Note that a library that allows a larger relative slowdown
may still provide better protection against denial of service
if it is faster to begin with.
## Cycle counts for random data
CPU cycles/byte to sort `int32[16]` on AMD Zen 3
(the three numbers are stabilized quartiles of many measurements _excluding_ 31 cycles of cycle-counting overhead):
* djbsort: 0.33, 0.34, 0.35
* far: 1.14, 1.14, 1.14
* vqsort: 0.92, 0.92, 0.92
* vxsort: 1.85, 1.93, 2.09
* x86simdsort: 0.91, 1.00, 1.01
CPU cycles/byte to sort `int32[1024]` on AMD Zen 3
(the three numbers are stabilized quartiles of many measurements):
* djbsort: 1.14, 1.15, 1.16
* far: 1.85, 1.90, 1.95
* vqsort: 2.34, 2.46, 2.56
* vxsort: 2.61, 2.63, 2.64
* x86simdsort: 2.61, 2.78, 2.96
CPU cycles/byte to sort `int32[65536]` on AMD Zen 3
(the three numbers are stabilized quartiles of many measurements):
* djbsort: 3.27, 3.28, 3.31
* far: 3.28, 3.30, 3.31
* vqsort: 3.51, 3.55, 3.60
* vxsort: 3.67, 3.71, 3.76
* x86simdsort: 4.15, 4.18, 4.21
See the separate [speed page](speed.html)
for a more comprehensive comparison of cycle counts.
## Code size
Compiled AVX2 code size for a simple `int32.cc` that defines `void sortint32(int32_t *y,int n)` by calling the library
(text+data+bss for `int32.o`, plus text+data+bss for the relevant `*.o` files in the library):
* djbsort: 56+0+0 for `int32.o`
plus 25050+0+0 for `int32_avx2_C0-sort.o`
plus 1772+0+0 for portable fallback and dispatch (`dispatch_auto-sort_int32.o`, `int32_portable4_C3-sort.o`, `compilers*.o`)

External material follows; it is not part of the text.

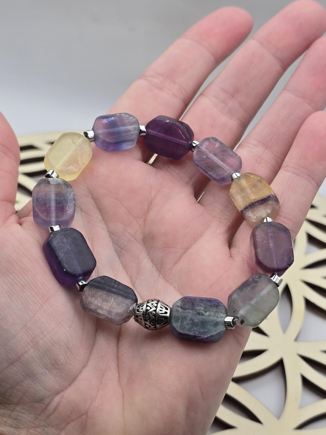 Bracelet fait main sur fil élastique solide composé de Fluorite multicolore rectangulaire d'environ 1,5 cm non polie, ainsi que de perles en hématite plaquée et acier inoxydable.
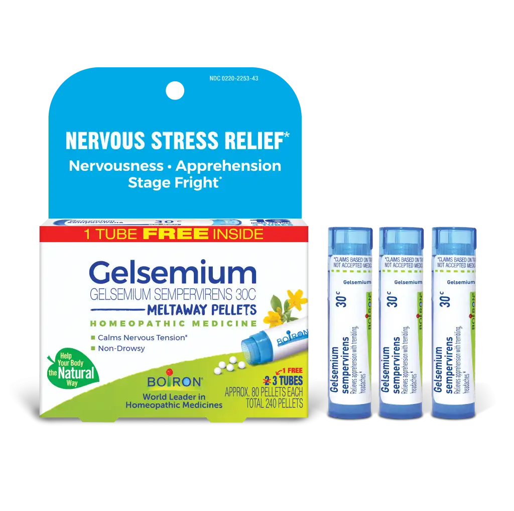 Customize your care with a Boiron single medicine like Gelsemium sempervirens 30C. This homeopathic stress reliever calms occasional nervous tension, apprehension, and stage fright without the use of chemical sedatives.* It also uniquely addresses accompanying symptoms such as trembling, uneasiness, inhibition, and headaches.* Gelsemium is made with a single, plant-based active ingredient that wonโt affect alertness or interact with other medications or supplements. Easy to take, the unflavored meltaway pellets dissolve in your mouth without the need for food or water.

* far: 24387+0+0 for `int32.o`
plus 0+0+0 (far is header-only)
* vqsort: 277+8+0 for `int32.o`
plus 266420+1224+24 for `vqsort_i32a.cc.o` plus some small support routines for dispatch etc.
* vxsort: 23483+0+0 for `int32.o`
plus 4096+0+0 for `avx2_masks.cpp.o`
* x86simdsort: 60+0+0 for `int32.o`
plus 3951712+8+0 for `x86simdsort-avx2.cpp.o` (all data types in the library are in a single `.o` file) plus some small support routines
An application with many calls to a big-header library such as far or vxsort
will incur many copies of the first number,
but can avoid this by instead calling an intermediate function such as `sortint32`,
so the overall code size includes only one copy of that number.
Compiled AVX2 code size for a simple `all32.cc` that defines `sortint32`, `sortuint32`, and `sortfloat32`
(text+data+bss for `all32.o`, plus text+data+bss for the relevant `*.o` files in the library):
* djbsort: 128+0+0 for `all32.o`
plus 25050+0+0 for `int32_avx2_C0-sort.o`
plus 445+0+0 for `uint32_avx2useint32_C0-sort.o`
plus 493+0+0 for `float32_avx2useint32_C0-sort.o`
plus 3960+0+0 for portable fallback and dispatch (`dispatch_auto-sort_int32.o`, `dispatch_auto-sort_uint32.o`, `dispatch_auto-sort_float32.o`, `int32_portable4_C3-sort.o`, `uint32_useint32_C3-sort.o`, `float32_useint32_C3-sort.o`, `compilers*.o`)
* far: not applicable
* vqsort: 677+8+0 for `all32.o` plus 266420+1224+24 for `vqsort_i32a.cc.o` plus 279990+1224+24 for `vqsort_u32a.cc.o` plus 244433+1224+24 for `vqsort_f32a.cc.o` plus some small support routines
* vxsort: 53557+0+0 for `all32.o` plus 4096+0+0 for `avx2_masks.cpp.o`
* x86simdsort: 132+0+0 for `all32.o` plus 3951712+8+0 for `x86simdsort-avx2.cpp.o` plus some small support routines
The `uint64` and `float64` functions in djbsort are similarly small wrappers around `int64`,
which is separate code from `int32`.